How has your creation process improved over time?

I spend more time on the front end just thinking through characters and settings (I tend to create blueprints for my story houses and maps for my story world). I don’t outline, but I write down ideas as they occur to me. The longer I spend doing this before I begin writing, the easier the story comes as I write that first draft.

What were the best, worst and most surprising things you encountered during the entire process of completing your book(s)?

The best thing is always writing The End on the first draft. The first draft is the hardest part for me. After that the fun part starts–endless revision, which is where I feel my stories really come to life and start to sparkle. The worst is the letdown a couple weeks or so after the book launch. It’s a creative wasteland for me and it’s hard to go from the constant affirmation of the first few weeks to the realization that everyone’s moved on in life. The most surprising part for me has been the hundreds of other writers I’ve met along the way. It’s a solitary profession, but it’s also chock-full of friends if you know where to look.

Do you tend towards personal satisfaction or aim to serve your readers? Do you balance the two and how?

This is a really great question. All of my writing has been for myself first and for readers second. I tell the story I want to read. For me, focusing too much on others’ expectations is poison to the creative process. In my opinion, art created with too much attention paid to keeping the audience happy often ends up sterile. When you’re worried about offending someone or you’re playing to the person with the lowest attention span or the shortest fuse or whatever you’re going to end up with something that’s not terribly unique, doesn’t say anything important, and doesn’t challenge an audience to grow, consider another view, or analyze their own views and motives. It takes the teeth out of your writing.

What role do emotions play in creativity?

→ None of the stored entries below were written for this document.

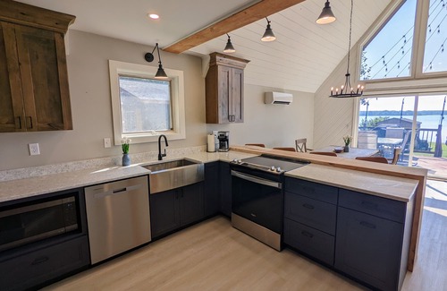 Immerse yourself in the luxurious comfort of the leather furniture in the living space, which includes a convenient pull-out sofa for additional sleeping accommodations. Unwind while watching your favorite shows on the 55" Samsung Smart TV. Adjacent to the living area, the tastefully remodeled kitchen boasts modern navy cabinets, new appliances, and bar-top seating, allowing you to relish in the gorgeous lake views while preparing meals. Retreat to the main-level bedroom, where earthy tones and nature-inspired décor create a captivating ambiance, or escape to the lofted bedroom, which exudes tranquility with its light, airy tones. Both rooms feature comfortable king beds with unique handmade headboards crafted from local wood. The loft area also offers an en-suite bathroom and an open space with a built-in queen bed, providing the perfect spot for relaxation while gazing at the star-filled sky over the lake. The patio area is ideal for unwinding with loved ones while grilling delicious meals. As the sun sets, the string lights illuminate the space, creating a magical atmosphere for enjoying drinks and cozy conversations around the bonfire pit, which comes with 4 chairs and is situated directly across from the sauna.
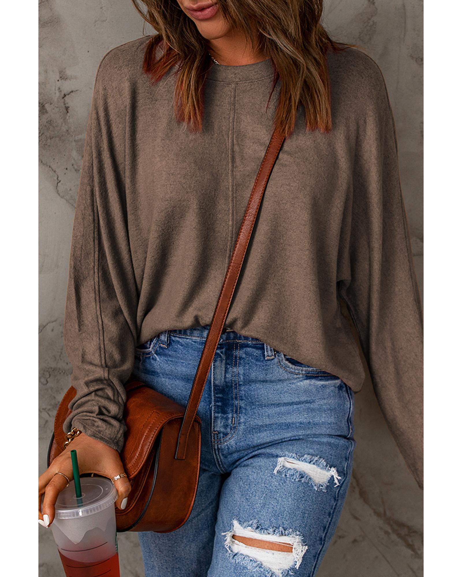 Brown Fiery Solid Color Patchwork Long Sleeve Top – S
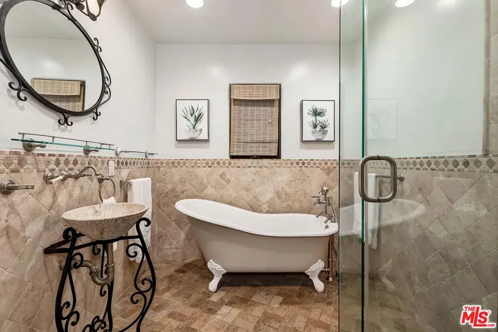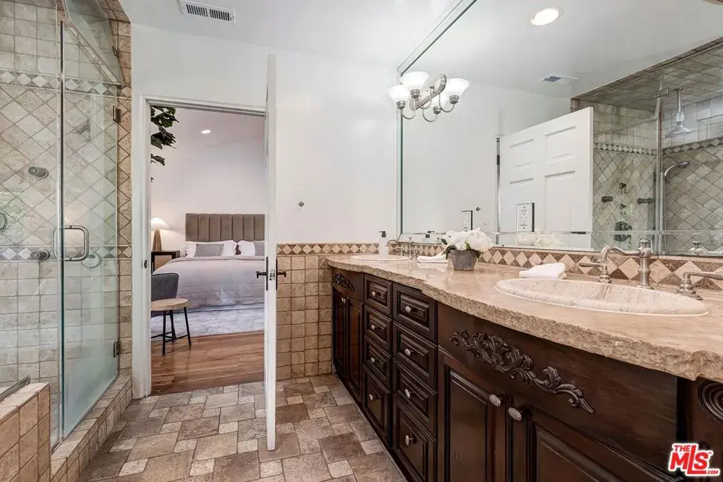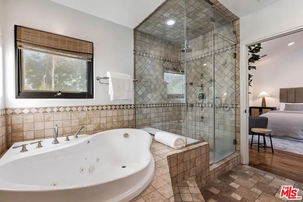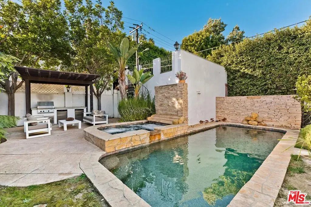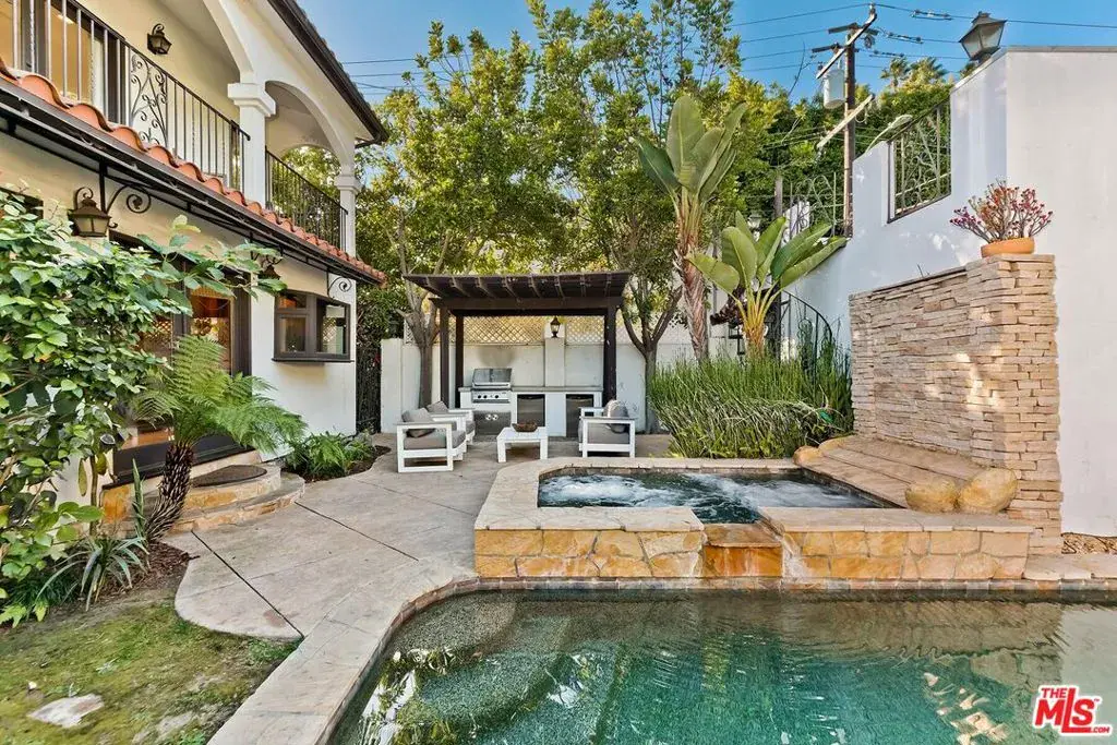 Prime West Hollywood West! This lovely remodeled two story, Spanish house in West Hollywood is proximate to many shops, restaurants and grocers. Enter through the gated and hedged courtyard into a bright and inviting three bedroom, two bath home with a large dining room and expansive living room with fireplace. The beautiful kitchen with stainless steel appliances leads to a resort style backyard complete with pool, spa and outdoor kitchen. The primary suite encompasses the entire second floor and has a large balcony looking out to the Hollywood Hills. The vaulted ceiling, walk in closet and lux bath with steam shower and dual sinks make perfect the private retreat. Two additional bedrooms and a full bath are located downstairs. Wood floors and wonderful details throughout. Rarely found in this neighborhood, the property includes a usable two-car garage.

I find it difficult to create when I’m down. I know a lot of people work through negative feelings on the page, and certainly I can do that in a journal, but when it comes to writing fiction, I have to be feeling good and in control of my life in order to dive deep. Creating is an act of love, and it’s hard to love when you’re anxious or overwhelmed.

Do you have any creativity tricks?

No tricks. Just rest. If I’m not feeling it, I don’t write. I do something else. Clean the house or paint or binge-watch something awesome on Netflix or Amazon Prime–preferably something with amazing writing so I can refill the well. The ideas always come flowing back in from the back of my mind once I take some time off.

What are your plans for future books?

My third novel will be a story about estranged sisters on a hiking trip gone wrong. They must contend with the physical, emotional, and spiritual realities they are facing in order to survive the hike and heal the rift between them. The manuscript is currently with my agent. I also have a couple others in various stages of development.

Tell us some quirky facts about yourself

1. I was a zoo docent for six years, educating people about animals, ecology, and conservation, as well as handling various zoo animals in demonstrations, including snakes, tarantulas, lizards, turtles, hissing cockroaches, birds of prey, an opossum, ferrets, rabbits, a porcupine, and more. This means I’ve dealt with a lot of feces. Of all those listed, snakes have the worst smelling feces (in case you’re wondering).

2. I spent about 40% of my childhood pretending to be a wolf or a tiger, often stalking my dog and my sister (sometimes fully clothed and, I’m told, sometimes naked).

3. In all of my English classes in high school and college, I was assigned The Great Gatsby five separate times by five separate teachers, but I’ve never been required to read any Charles Dickens.